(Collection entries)
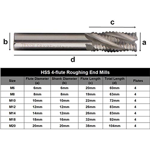 Auart Zyilei-Shank 4-Flauto sgrossatura carburo di carburo taglierina HSS End Mill Spirale Router Bit Diametro 6mm-20mm Skink Skink 1pc, Strumenti durevoli (Cutting Edge Diameter: M6)
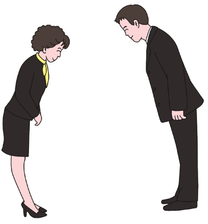 问候时的手势也有讲究,女人要双手合握,右手放在左手上面。男人的双手轻握,就像握着鸡蛋一样,轻轻地放在裤线上。问好的时候,除了要低头,脖子和腰也要呈一条直线弯下去。如果是郑重的问候,鞠躬时要成15 °,保持3~4秒,其中鞠躬45°保持4秒,是最郑重、最理想化的问候方式。
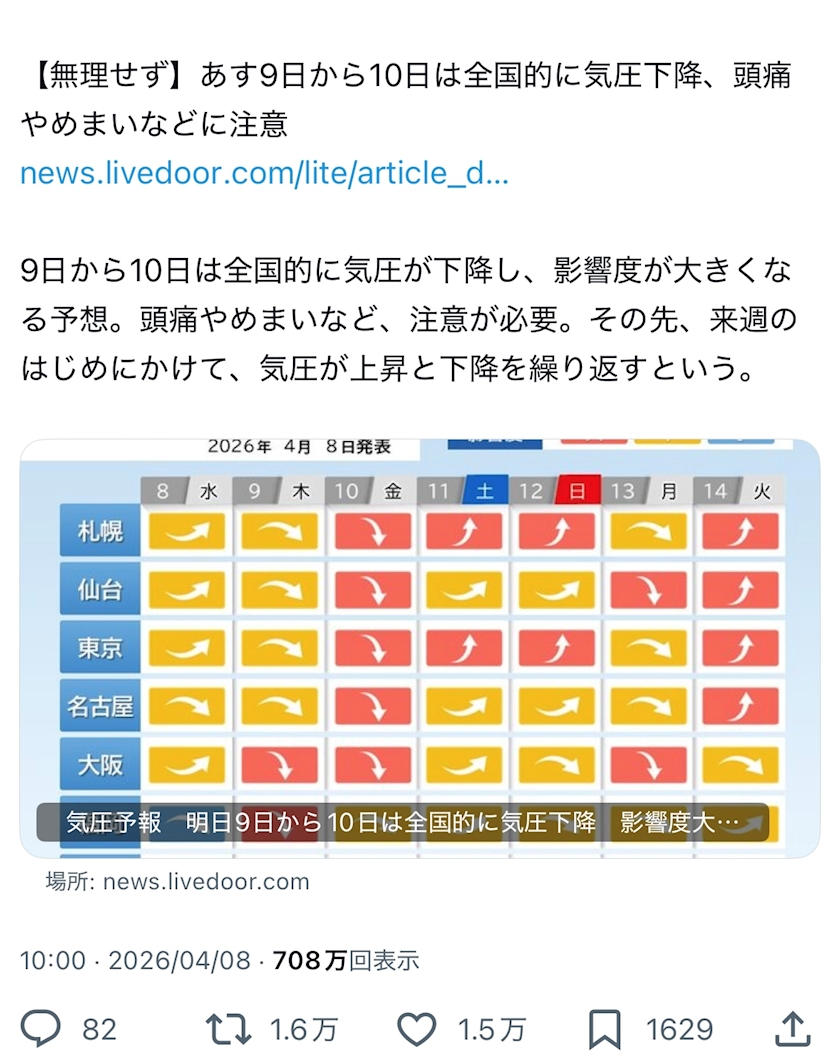 気圧やばいらしい😥
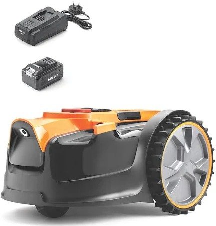 he Lawn Master OcuMow 16 robotic mower combines a high definition camera and sensors with optical grass recognition software to identify grass and navigate around your lawn without the need for a boundary wire outdoor power socket or app. Perfect for lawns of up to 100m2 simply drop and mow. A clearly defined edge around the full perimeter of your lawn such as paving or gravel or a raised edge at least 6cm high is required to prevent the mower leaving the grass. Adjustment of the lawn edges may be required. As with other robot mowers a grass trimmer not included is needed to trim the lawn edges. Not suitable for gardens with overhanging plants undefined flower borders or edges with a drop off. The robot mower will cut in a random pattern for up to 4 hours which covers lawns up to 100m2. The Ocu Mow 16 is designed to mow once or twice a week during daylight hours in dry weather cutting and dropping the grass clippings on the lawn. The 3 pivoting blades can be adjusted to cut grass any height from 20mm to 60mm. High specification deep tread wheels and powerful drive system grips slopes of up to 19 degrees. There are two mowing functions to choose from either a random or spiral cutting pattern. For safety the mower detects and avoids obstacles using the high definition camera and ultrasonic sensors. It also features a safety key preventing use by children and sensors which stop the blades when the machine is lifted. Supplied with a detachable 4.0Ah MX 24V lithium ion battery and fast one hour charger the battery can be charged wherever is convenient with no need for an outdoor power socket. Part of the MX 24V Shared Battery System.
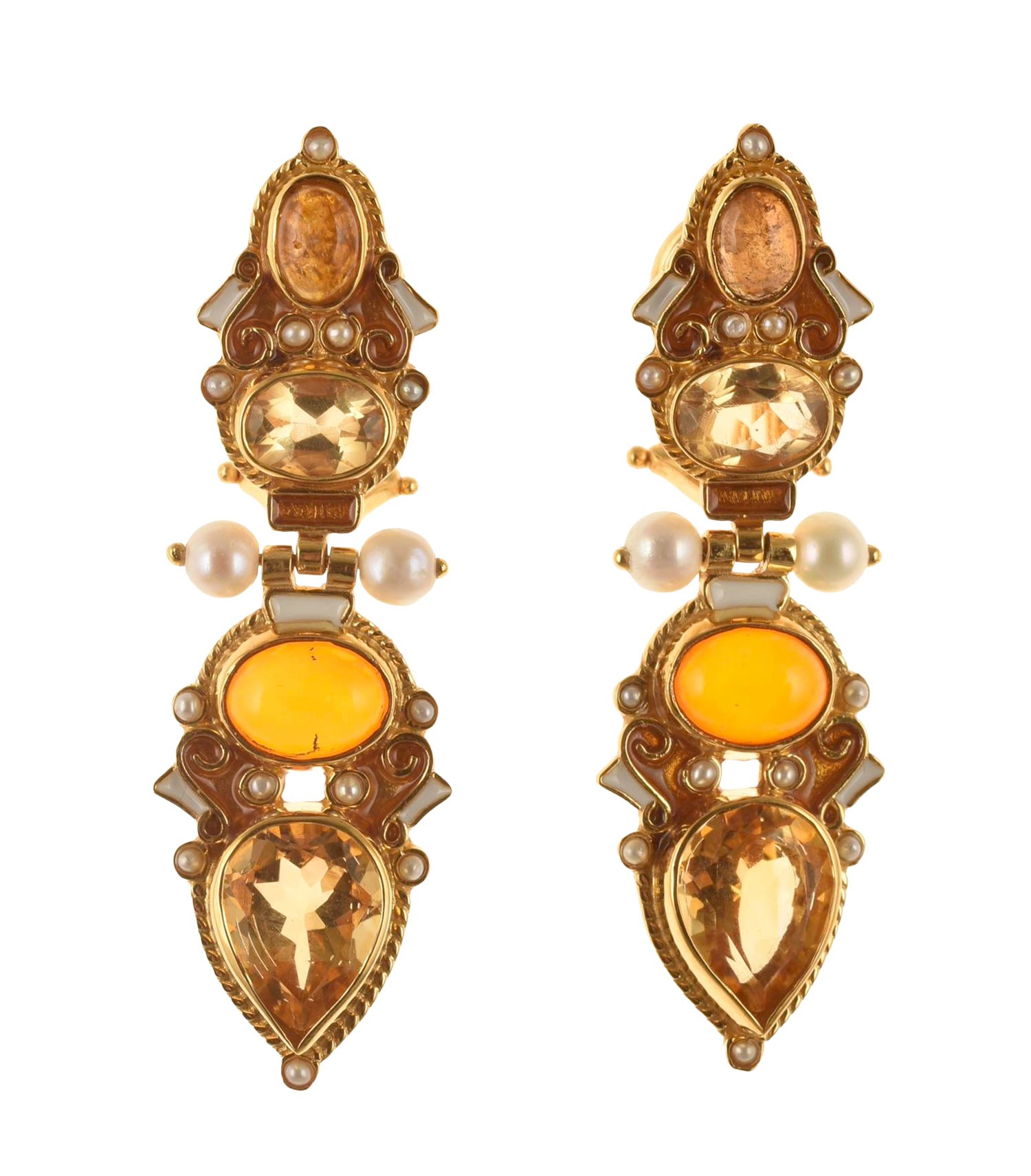 Made with enamel in cloisonné technique, with citrine, amber, yellow, tourmaline, pearls, natural micropearls.
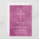 Esta elegante y clásica invitación a bautizar o bautizar petite (4.5" x 6.25") presenta una cruz blanca ilustrada sobre un fondo de color rosa/morado. Perfecto para su ocasión religiosa especial, el texto también puede ser personalizado para su evento.
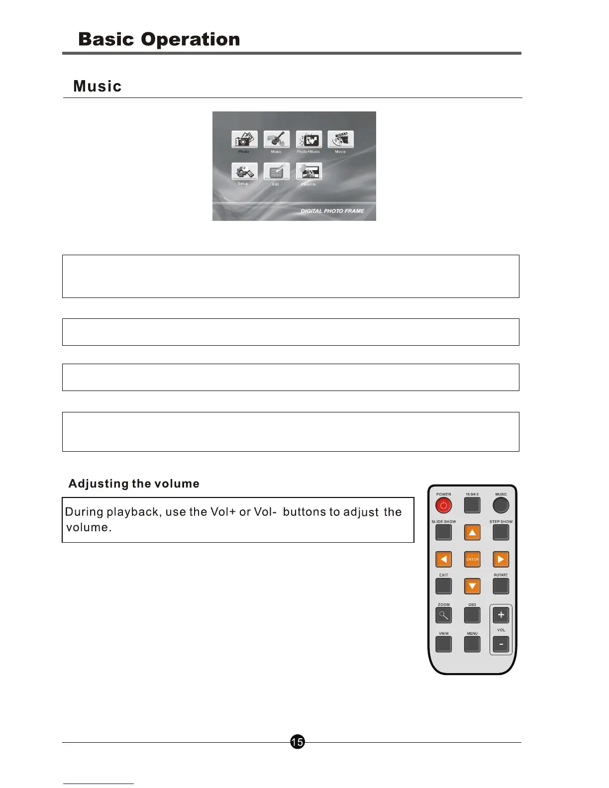 Step 1. Select MUSIC icon in the main menu and press ENTER button to
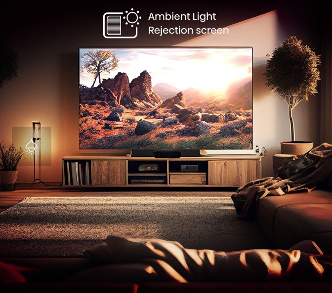 Hisense Trichroma Laser TV’s ambient light rejection screen utilises anti-glare technology, blocking over 85% of glare. The picture is bright and detailed in all types of lighting, letting you enjoy the ultimate large-screen viewing experience from any room..
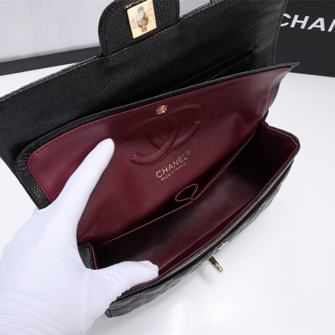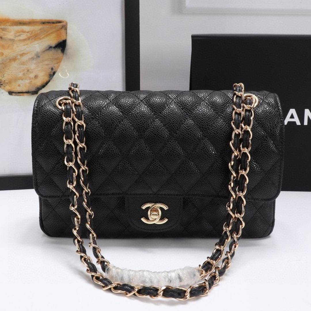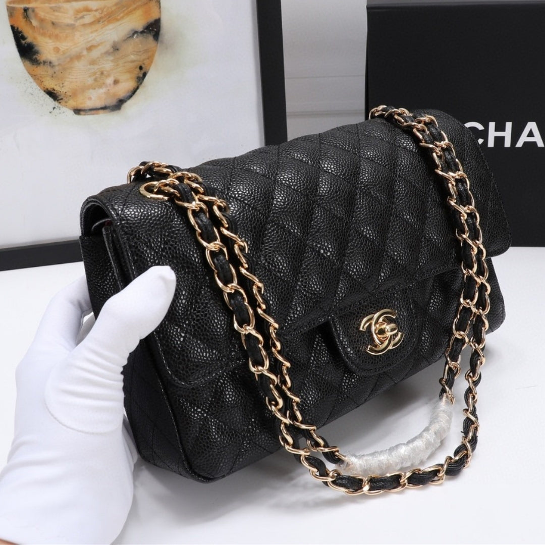 Bolsa CHN Classica detalhes Preto com Dourado 25cm
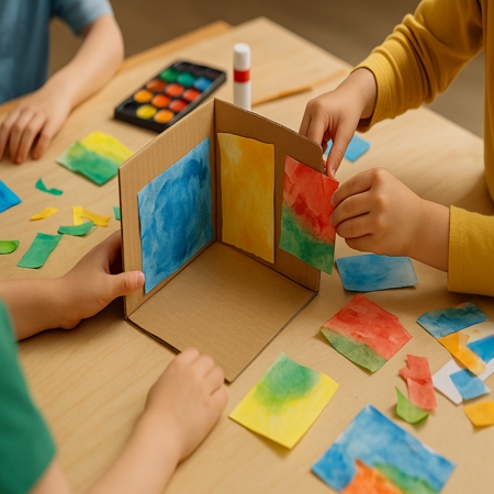 I våra workshops för barn 7–9 år får barnen skapa, leka och upptäcka sin fantasi genom färg, form och rörelse.
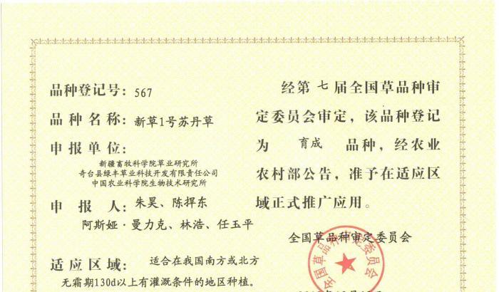 新疆畜牧科学院草业研究所朱昊副研究员和国家牧草产业技术体系昌吉综合试验站站长李学森研究员及团队成员选育的新草1号苏丹草,近日通过第七届全国草品种委员会通过审定,品种登记号:567。
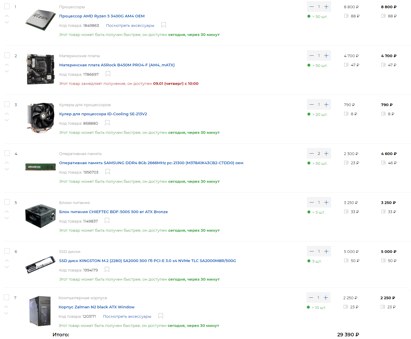 Привет всем! 1. 25к. Предел - 30к. 2. в принципе сойдёт любой магазин в Москве. 3. Только системник. 4. в основном для работы, программа PRO100 проектирование мебели. Монитор - Full HD 5. Нет. 6. возможно докуплю потом недорогую видео карту, если дело будет упираться в неё (но не уверен что программа жрёт видеопамять). 7. Нет, компьютер собирается с нуля, есть только хард , от старого компа, но он будет как файло помойка. 8. 9.https://www.onlinetrade.ru/basket.html? ... 883349c498
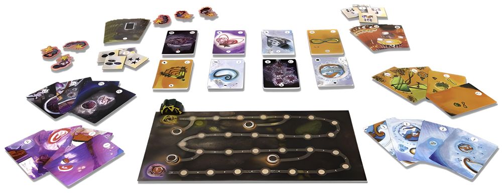 96 Karten, 18 Plättchen, 1 Unheimliche-Sonne-Figur, 1 Spielplan, 1 Regelheft
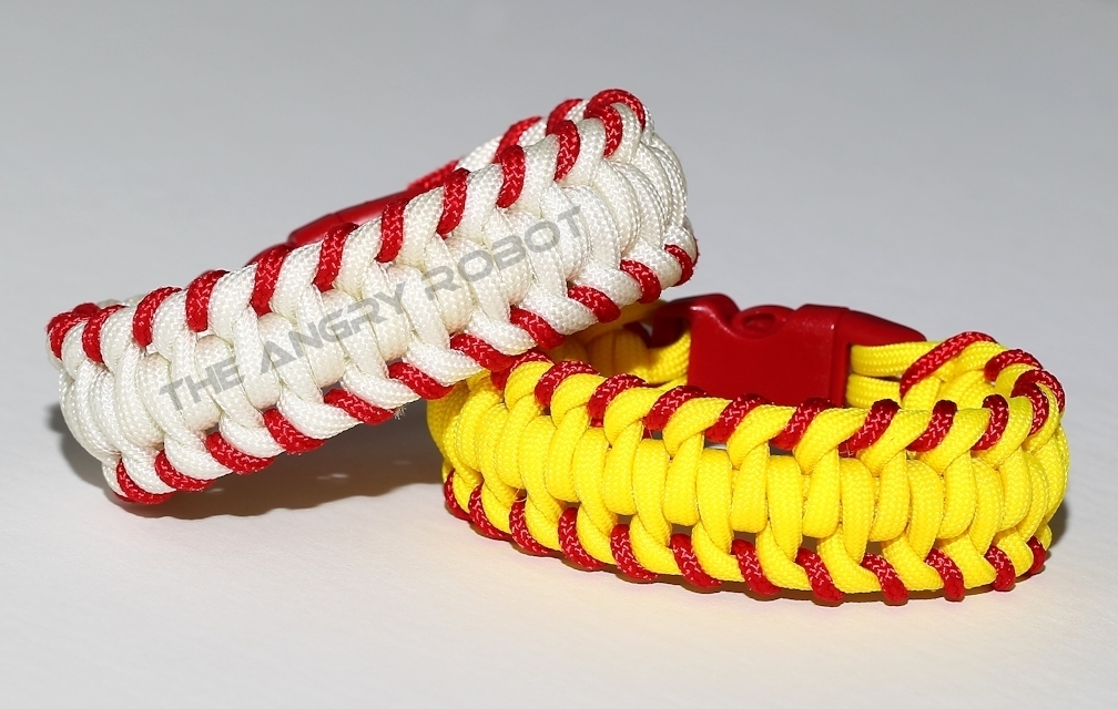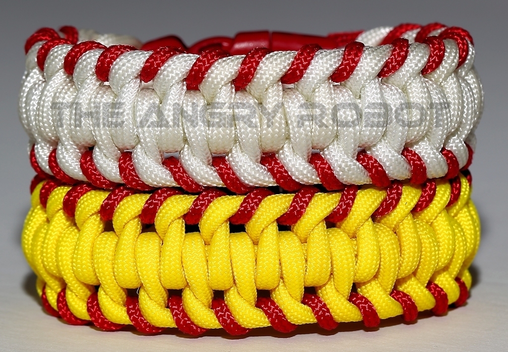 Baseball Stitched Paracord Survival Bracelet - White Red - Red Buckle
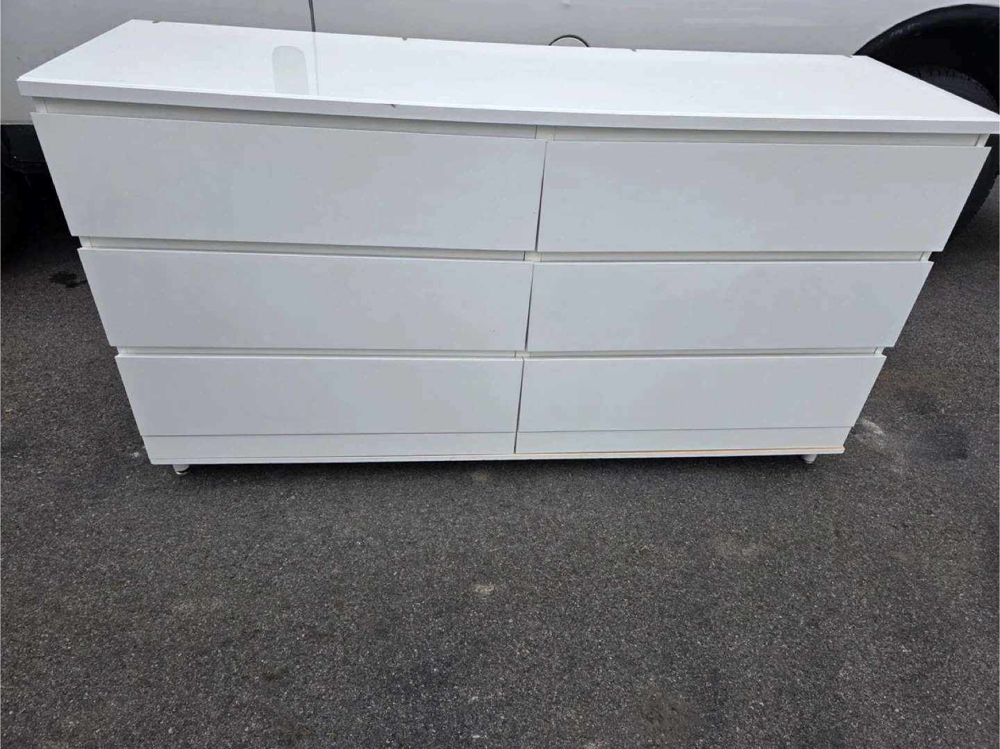 White 6-drawer dresser, perfect for organizing clothes or linens. It's got a clean, modern look and offers plenty of storage space. Dimensions are approximately 47 inches wide by 30 inches tall by 16 inches deep. Home delivery available

What you should do:
The response has to be an exact copy of all the data, pictures excluded.

Final answer:
 Auart Zyilei-Shank 4-Flauto sgrossatura carburo di carburo taglierina HSS End Mill Spirale Router Bit Diametro 6mm-20mm Skink Skink 1pc, Strumenti durevoli (Cutting Edge Diameter: M6)
 问候时的手势也有讲究,女人要双手合握,右手放在左手上面。男人的双手轻握,就像握着鸡蛋一样,轻轻地放在裤线上。问好的时候,除了要低头,脖子和腰也要呈一条直线弯下去。如果是郑重的问候,鞠躬时要成15 °,保持3~4秒,其中鞠躬45°保持4秒,是最郑重、最理想化的问候方式。
 気圧やばいらしい😥
 he Lawn Master OcuMow 16 robotic mower combines a high definition camera and sensors with optical grass recognition software to identify grass and navigate around your lawn without the need for a boundary wire outdoor power socket or app. Perfect for lawns of up to 100m2 simply drop and mow. A clearly defined edge around the full perimeter of your lawn such as paving or gravel or a raised edge at least 6cm high is required to prevent the mower leaving the grass. Adjustment of the lawn edges may be required. As with other robot mowers a grass trimmer not included is needed to trim the lawn edges. Not suitable for gardens with overhanging plants undefined flower borders or edges with a drop off. The robot mower will cut in a random pattern for up to 4 hours which covers lawns up to 100m2. The Ocu Mow 16 is designed to mow once or twice a week during daylight hours in dry weather cutting and dropping the grass clippings on the lawn. The 3 pivoting blades can be adjusted to cut grass any height from 20mm to 60mm. High specification deep tread wheels and powerful drive system grips slopes of up to 19 degrees. There are two mowing functions to choose from either a random or spiral cutting pattern. For safety the mower detects and avoids obstacles using the high definition camera and ultrasonic sensors. It also features a safety key preventing use by children and sensors which stop the blades when the machine is lifted. Supplied with a detachable 4.0Ah MX 24V lithium ion battery and fast one hour charger the battery can be charged wherever is convenient with no need for an outdoor power socket. Part of the MX 24V Shared Battery System.
 Made with enamel in cloisonné technique, with citrine, amber, yellow, tourmaline, pearls, natural micropearls.
 Esta elegante y clásica invitación a bautizar o bautizar petite (4.5" x 6.25") presenta una cruz blanca ilustrada sobre un fondo de color rosa/morado. Perfecto para su ocasión religiosa especial, el texto también puede ser personalizado para su evento.
 Step 1. Select MUSIC icon in the main menu and press ENTER button to
 Hisense Trichroma Laser TV’s ambient light rejection screen utilises anti-glare technology, blocking over 85% of glare. The picture is bright and detailed in all types of lighting, letting you enjoy the ultimate large-screen viewing experience from any room..
 Bolsa CHN Classica detalhes Preto com Dourado 25cm
 I våra workshops för barn 7–9 år får barnen skapa, leka och upptäcka sin fantasi genom färg, form och rörelse.
 新疆畜牧科学院草业研究所朱昊副研究员和国家牧草产业技术体系昌吉综合试验站站长李学森研究员及团队成员选育的新草1号苏丹草,近日通过第七届全国草品种委员会通过审定,品种登记号:567。
 Привет всем! 1. 25к. Предел - 30к. 2. в принципе сойдёт любой магазин в Москве. 3. Только системник. 4. в основном для работы, программа PRO100 проектирование мебели. Монитор - Full HD 5. Нет. 6. возможно докуплю потом недорогую видео карту, если дело будет упираться в неё (но не уверен что программа жрёт видеопамять). 7. Нет, компьютер собирается с нуля, есть только хард , от старого компа, но он будет как файло помойка. 8. 9.https://www.onlinetrade.ru/basket.html? ... 883349c498
 96 Karten, 18 Plättchen, 1 Unheimliche-Sonne-Figur, 1 Spielplan, 1 Regelheft
 Baseball Stitched Paracord Survival Bracelet - White Red - Red Buckle
 White 6-drawer dresser, perfect for organizing clothes or linens. It's got a clean, modern look and offers plenty of storage space. Dimensions are approximately 47 inches wide by 30 inches tall by 16 inches deep. Home delivery available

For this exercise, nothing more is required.